──────── RECORDS SUPPLIED ────────

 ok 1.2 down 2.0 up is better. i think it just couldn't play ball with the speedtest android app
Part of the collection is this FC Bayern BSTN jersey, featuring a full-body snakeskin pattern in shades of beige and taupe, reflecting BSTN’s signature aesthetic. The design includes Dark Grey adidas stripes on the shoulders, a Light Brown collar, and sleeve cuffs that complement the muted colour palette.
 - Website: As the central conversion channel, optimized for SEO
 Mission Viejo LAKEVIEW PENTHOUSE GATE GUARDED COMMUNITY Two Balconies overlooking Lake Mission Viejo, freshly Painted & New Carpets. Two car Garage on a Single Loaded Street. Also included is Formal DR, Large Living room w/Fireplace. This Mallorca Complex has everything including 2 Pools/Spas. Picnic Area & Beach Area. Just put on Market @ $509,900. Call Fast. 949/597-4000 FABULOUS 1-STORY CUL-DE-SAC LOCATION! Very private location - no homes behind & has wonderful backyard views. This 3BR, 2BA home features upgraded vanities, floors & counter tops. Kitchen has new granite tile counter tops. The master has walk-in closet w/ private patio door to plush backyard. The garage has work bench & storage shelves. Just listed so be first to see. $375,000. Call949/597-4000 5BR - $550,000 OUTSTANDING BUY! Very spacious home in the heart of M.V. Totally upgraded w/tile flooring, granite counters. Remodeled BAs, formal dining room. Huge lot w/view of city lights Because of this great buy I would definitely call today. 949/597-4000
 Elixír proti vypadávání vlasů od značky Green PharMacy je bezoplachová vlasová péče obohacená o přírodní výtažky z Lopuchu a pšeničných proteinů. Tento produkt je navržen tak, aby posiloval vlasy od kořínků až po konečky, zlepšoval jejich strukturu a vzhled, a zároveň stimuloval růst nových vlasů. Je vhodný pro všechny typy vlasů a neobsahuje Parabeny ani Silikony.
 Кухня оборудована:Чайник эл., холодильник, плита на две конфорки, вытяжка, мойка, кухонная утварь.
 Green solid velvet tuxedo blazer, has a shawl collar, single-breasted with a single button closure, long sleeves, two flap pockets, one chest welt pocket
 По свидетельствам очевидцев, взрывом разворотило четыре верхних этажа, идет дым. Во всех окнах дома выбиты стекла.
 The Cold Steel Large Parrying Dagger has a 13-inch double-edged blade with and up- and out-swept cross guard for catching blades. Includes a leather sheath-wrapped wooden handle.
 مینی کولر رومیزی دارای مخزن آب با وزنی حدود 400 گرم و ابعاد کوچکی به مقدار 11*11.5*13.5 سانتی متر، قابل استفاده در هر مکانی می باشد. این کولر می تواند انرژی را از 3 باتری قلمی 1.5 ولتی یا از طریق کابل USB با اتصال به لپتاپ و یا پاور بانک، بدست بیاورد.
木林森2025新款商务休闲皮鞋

────────

WHAT THE TASK ASKS:
Across the entries, each line containing the word "collar" is to be counted once; the total alone is to be given.

REPLY:
2